> **Work task**: Pictures stay out of the copy, and everything else in the data below is repeated exactly.

━━━━━ Provided material

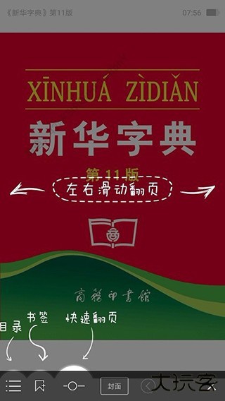 1、点开新华字典的界面,在白框中右侧有个书形的小黄标,点此可以实现屏端直接翻页。
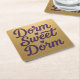 This is a Dorm Sweet Dorm coaster set. The coasters feature the words Dorm Sweet Dorm in purple script on a metallic gold background. There are two cute purple hearts between the words. The art is a cute comic vector art style. The coasters are paper pulp coasters in a six coaster set. The coasters are tough, durable, absorbent and great for parties, dorms or home use. The dimensions are 4" by 4".
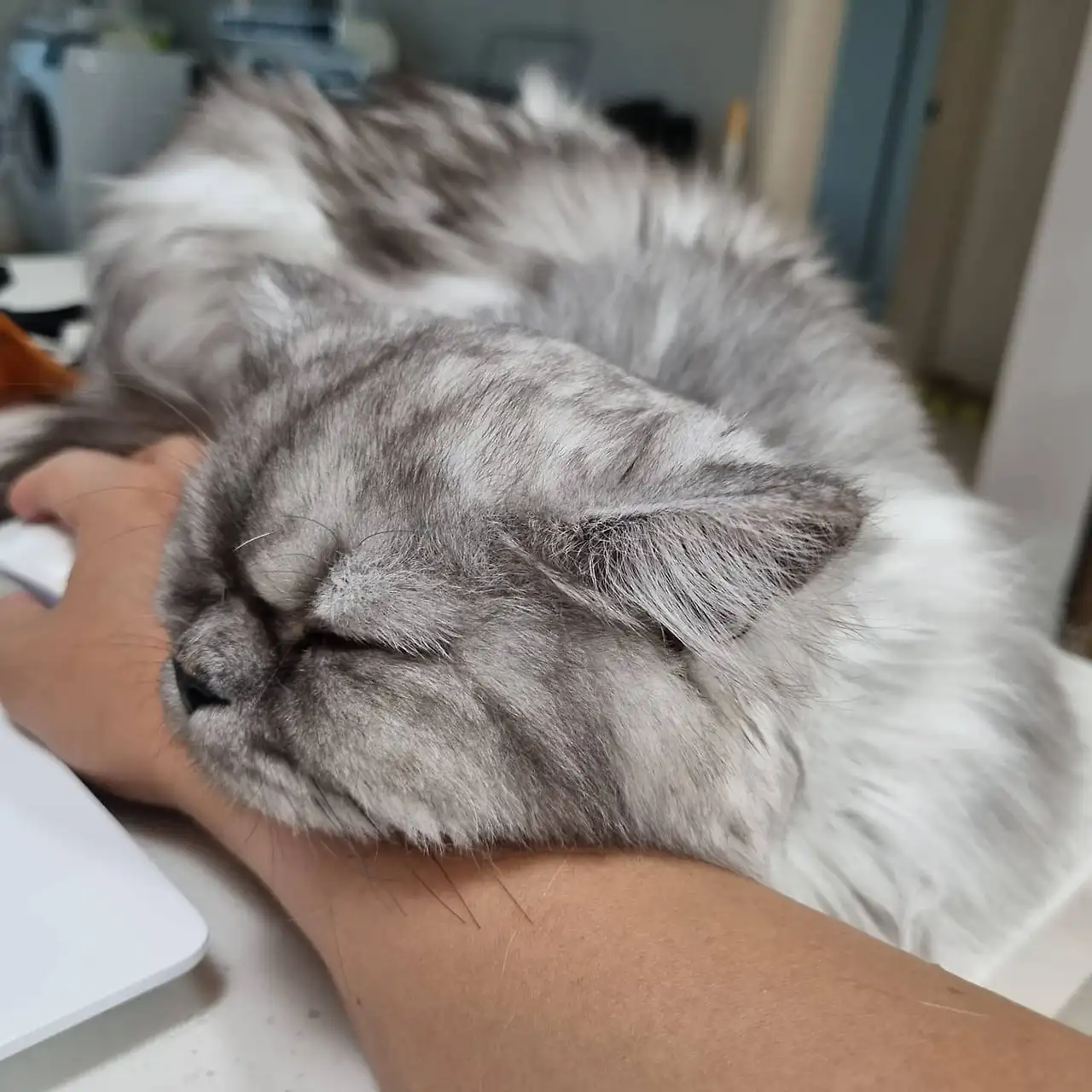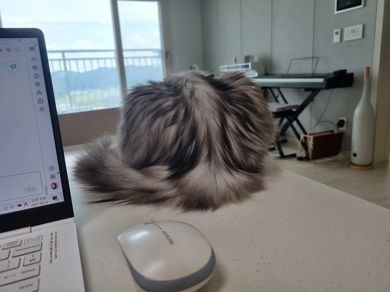 그럼 슬금슬금 다가와서 마우스를 쥔 내 팔 옆에 비집고 자리를 잡는다.
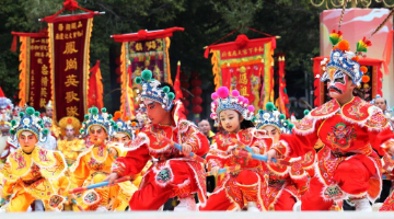 1月31日,游客在山东省临沂市平邑县蒙山龟蒙景区新春庙会上观看舞狮表演。

━━━━━━━━━━

> **The answer**:
 1、点开新华字典的界面,在白框中右侧有个书形的小黄标,点此可以实现屏端直接翻页。
 This is a Dorm Sweet Dorm coaster set. The coasters feature the words Dorm Sweet Dorm in purple script on a metallic gold background. There are two cute purple hearts between the words. The art is a cute comic vector art style. The coasters are paper pulp coasters in a six coaster set. The coasters are tough, durable, absorbent and great for parties, dorms or home use. The dimensions are 4" by 4".
 그럼 슬금슬금 다가와서 마우스를 쥔 내 팔 옆에 비집고 자리를 잡는다.
 1月31日,游客在山东省临沂市平邑县蒙山龟蒙景区新春庙会上观看舞狮表演。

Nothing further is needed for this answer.